* _Your task_: Within the listing below, the lines to output run from the one containing "Für den Test" through the one containing "B、传统的穿法是在里面穿上一"; copy them exactly and nothing else.

* _Data listing_:

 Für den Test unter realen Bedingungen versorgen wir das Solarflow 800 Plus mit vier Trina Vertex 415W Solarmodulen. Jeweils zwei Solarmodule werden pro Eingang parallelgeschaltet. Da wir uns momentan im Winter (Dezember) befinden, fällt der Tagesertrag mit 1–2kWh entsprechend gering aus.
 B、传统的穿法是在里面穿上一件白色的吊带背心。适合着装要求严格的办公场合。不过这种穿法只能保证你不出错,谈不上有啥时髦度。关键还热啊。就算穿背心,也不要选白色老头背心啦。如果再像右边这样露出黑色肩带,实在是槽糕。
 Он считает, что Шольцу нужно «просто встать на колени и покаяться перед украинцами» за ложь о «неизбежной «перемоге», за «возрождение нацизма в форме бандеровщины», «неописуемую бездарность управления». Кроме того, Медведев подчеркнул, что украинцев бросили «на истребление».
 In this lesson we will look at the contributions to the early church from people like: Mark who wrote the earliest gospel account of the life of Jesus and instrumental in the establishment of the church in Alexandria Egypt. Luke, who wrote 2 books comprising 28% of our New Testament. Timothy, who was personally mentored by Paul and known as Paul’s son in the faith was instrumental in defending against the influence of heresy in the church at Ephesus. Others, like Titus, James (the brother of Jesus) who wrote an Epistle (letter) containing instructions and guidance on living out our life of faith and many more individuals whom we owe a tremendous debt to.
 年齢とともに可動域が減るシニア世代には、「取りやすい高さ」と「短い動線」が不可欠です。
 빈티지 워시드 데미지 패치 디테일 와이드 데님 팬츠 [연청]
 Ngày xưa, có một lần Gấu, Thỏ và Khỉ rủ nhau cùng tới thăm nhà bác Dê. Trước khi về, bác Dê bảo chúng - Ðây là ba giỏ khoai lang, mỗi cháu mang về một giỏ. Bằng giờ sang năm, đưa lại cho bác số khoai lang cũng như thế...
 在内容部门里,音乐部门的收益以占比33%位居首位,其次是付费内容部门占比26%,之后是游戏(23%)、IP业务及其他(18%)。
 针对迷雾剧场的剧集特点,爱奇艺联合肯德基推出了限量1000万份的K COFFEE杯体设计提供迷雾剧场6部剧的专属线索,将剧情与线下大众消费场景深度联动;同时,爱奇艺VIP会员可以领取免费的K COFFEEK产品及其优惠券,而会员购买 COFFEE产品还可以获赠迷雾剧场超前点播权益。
* * *
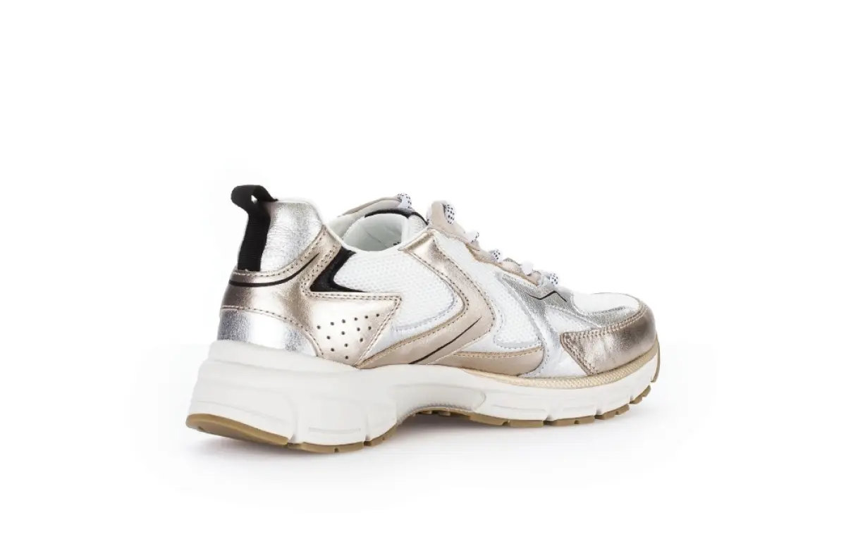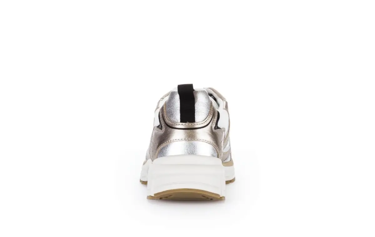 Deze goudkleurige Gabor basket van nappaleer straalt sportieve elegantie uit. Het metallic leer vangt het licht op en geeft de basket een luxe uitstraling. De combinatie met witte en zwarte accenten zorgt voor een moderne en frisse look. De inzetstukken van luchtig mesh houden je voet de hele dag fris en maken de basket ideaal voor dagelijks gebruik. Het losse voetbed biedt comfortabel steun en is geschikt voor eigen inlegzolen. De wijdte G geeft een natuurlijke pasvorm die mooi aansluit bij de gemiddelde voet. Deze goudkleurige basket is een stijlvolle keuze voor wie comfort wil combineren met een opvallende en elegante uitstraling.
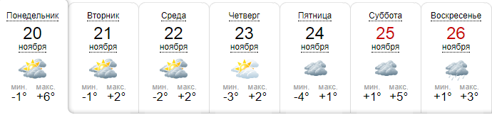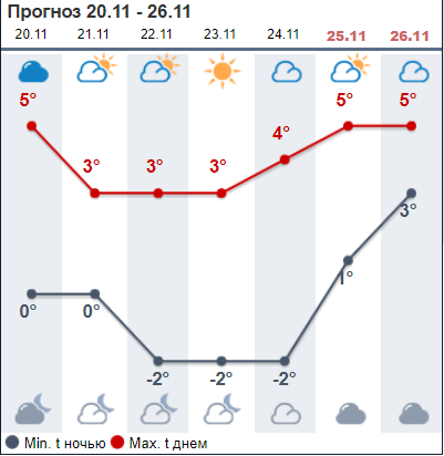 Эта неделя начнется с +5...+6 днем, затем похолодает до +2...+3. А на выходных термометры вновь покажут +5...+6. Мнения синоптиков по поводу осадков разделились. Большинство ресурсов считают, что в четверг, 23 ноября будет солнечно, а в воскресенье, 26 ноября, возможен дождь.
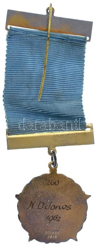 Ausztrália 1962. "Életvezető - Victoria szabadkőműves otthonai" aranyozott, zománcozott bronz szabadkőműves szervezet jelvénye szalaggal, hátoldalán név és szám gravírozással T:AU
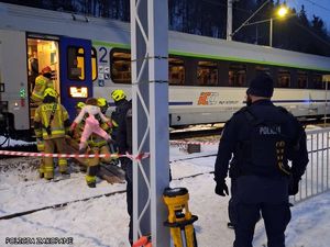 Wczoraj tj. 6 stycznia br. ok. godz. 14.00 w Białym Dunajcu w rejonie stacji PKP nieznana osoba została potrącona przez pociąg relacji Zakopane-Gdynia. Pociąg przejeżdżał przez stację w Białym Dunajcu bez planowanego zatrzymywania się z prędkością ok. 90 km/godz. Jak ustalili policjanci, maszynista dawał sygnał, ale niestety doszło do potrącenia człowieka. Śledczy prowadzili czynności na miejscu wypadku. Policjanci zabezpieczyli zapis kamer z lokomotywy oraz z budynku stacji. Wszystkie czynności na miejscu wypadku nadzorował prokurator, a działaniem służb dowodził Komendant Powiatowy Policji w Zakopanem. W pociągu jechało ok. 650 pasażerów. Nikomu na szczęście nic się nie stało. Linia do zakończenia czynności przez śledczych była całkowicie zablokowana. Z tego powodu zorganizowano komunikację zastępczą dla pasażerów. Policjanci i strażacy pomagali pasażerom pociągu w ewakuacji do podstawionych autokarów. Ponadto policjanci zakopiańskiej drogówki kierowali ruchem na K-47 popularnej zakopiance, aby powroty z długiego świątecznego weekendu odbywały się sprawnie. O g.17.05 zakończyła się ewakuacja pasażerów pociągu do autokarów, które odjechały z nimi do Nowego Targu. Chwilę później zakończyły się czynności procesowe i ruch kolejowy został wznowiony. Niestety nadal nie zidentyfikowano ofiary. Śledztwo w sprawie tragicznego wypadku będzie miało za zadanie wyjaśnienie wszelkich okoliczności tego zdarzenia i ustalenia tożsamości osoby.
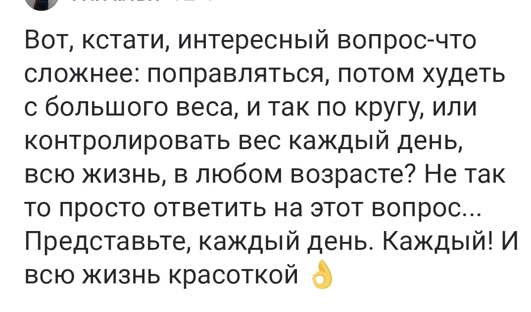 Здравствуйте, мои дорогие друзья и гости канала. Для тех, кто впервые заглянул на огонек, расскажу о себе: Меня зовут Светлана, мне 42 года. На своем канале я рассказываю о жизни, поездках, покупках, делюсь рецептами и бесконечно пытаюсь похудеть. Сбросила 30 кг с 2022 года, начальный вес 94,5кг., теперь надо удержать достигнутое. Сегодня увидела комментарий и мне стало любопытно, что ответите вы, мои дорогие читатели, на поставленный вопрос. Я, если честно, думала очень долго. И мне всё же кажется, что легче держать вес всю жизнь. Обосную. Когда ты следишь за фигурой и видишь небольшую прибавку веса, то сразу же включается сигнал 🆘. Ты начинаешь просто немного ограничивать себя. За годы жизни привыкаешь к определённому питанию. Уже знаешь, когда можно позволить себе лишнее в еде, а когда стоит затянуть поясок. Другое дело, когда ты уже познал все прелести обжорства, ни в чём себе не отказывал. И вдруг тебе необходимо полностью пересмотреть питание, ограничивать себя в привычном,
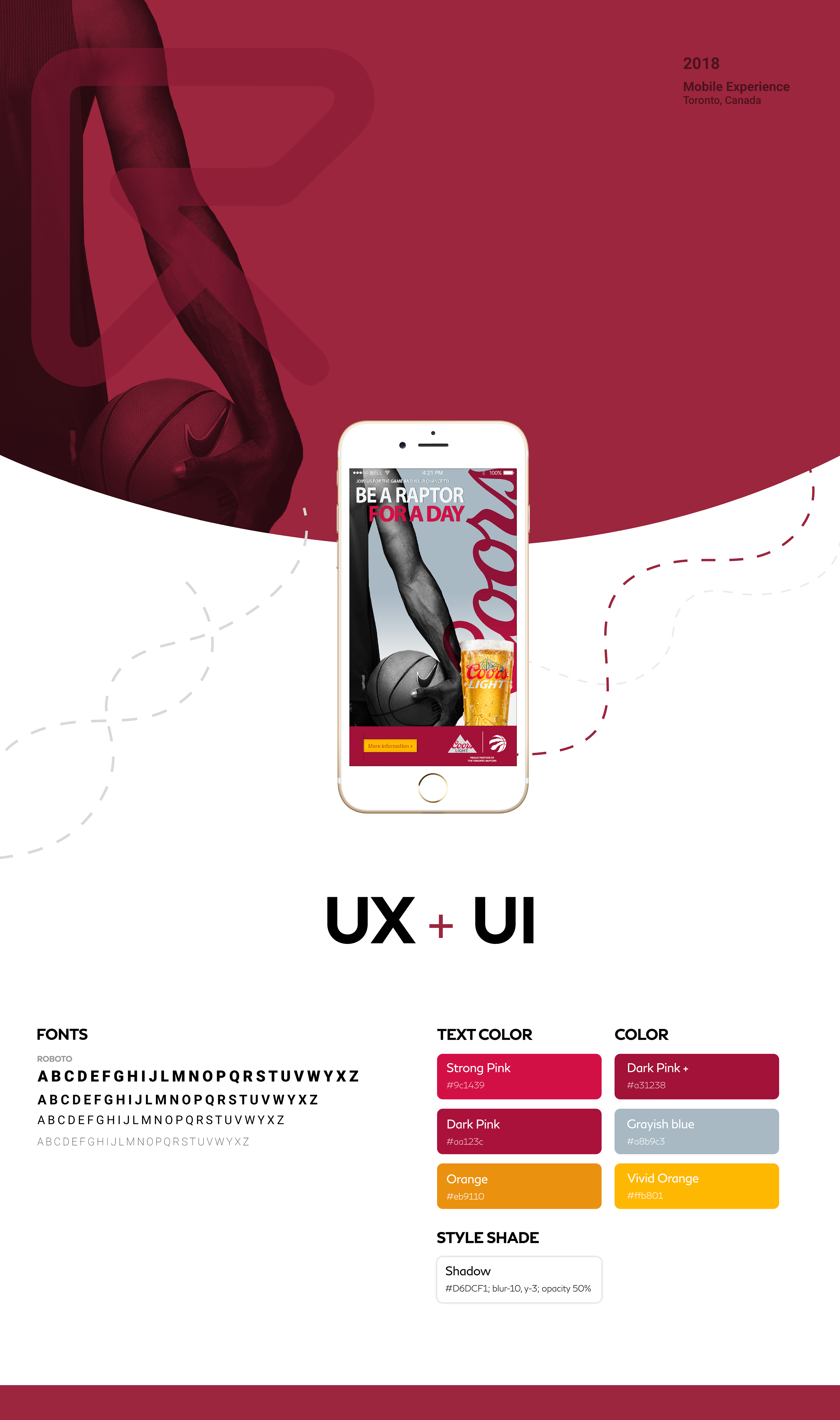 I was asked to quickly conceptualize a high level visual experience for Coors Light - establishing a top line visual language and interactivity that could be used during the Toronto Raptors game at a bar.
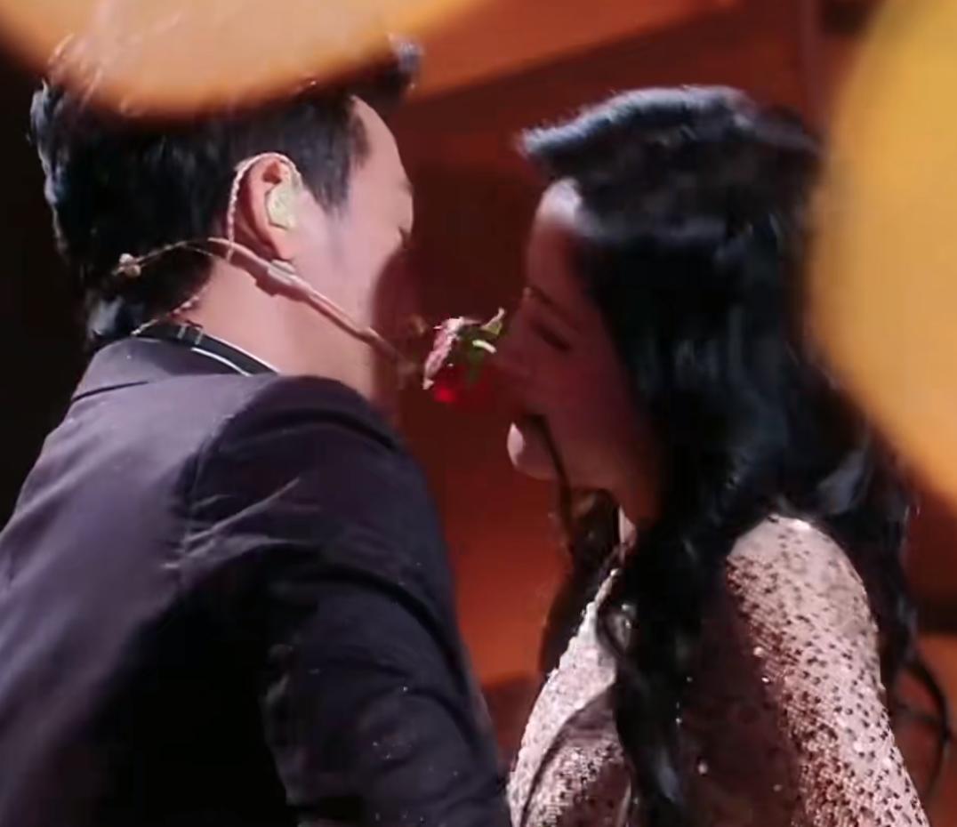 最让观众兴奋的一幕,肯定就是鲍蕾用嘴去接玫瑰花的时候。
* * *
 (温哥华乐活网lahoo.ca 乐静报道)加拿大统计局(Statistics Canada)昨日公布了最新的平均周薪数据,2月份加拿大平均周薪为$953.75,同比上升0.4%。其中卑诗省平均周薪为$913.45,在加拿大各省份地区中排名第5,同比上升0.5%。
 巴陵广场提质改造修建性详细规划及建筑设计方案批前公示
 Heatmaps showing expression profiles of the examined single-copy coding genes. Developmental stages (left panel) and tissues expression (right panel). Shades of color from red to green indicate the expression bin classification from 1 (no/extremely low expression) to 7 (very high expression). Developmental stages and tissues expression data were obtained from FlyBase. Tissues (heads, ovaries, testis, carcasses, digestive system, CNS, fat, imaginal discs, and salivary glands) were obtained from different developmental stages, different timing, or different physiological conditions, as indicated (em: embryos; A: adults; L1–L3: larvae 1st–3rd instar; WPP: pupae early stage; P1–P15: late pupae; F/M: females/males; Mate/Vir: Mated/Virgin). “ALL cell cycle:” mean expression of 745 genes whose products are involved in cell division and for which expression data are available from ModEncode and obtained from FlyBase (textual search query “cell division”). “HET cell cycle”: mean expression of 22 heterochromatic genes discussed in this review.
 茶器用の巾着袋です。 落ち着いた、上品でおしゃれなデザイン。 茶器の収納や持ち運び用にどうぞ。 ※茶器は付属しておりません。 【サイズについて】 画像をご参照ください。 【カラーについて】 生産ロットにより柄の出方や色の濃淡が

* _Solved exercise_:
 Für den Test unter realen Bedingungen versorgen wir das Solarflow 800 Plus mit vier Trina Vertex 415W Solarmodulen. Jeweils zwei Solarmodule werden pro Eingang parallelgeschaltet. Da wir uns momentan im Winter (Dezember) befinden, fällt der Tagesertrag mit 1–2kWh entsprechend gering aus.
 B、传统的穿法是在里面穿上一件白色的吊带背心。适合着装要求严格的办公场合。不过这种穿法只能保证你不出错,谈不上有啥时髦度。关键还热啊。就算穿背心,也不要选白色老头背心啦。如果再像右边这样露出黑色肩带,实在是槽糕。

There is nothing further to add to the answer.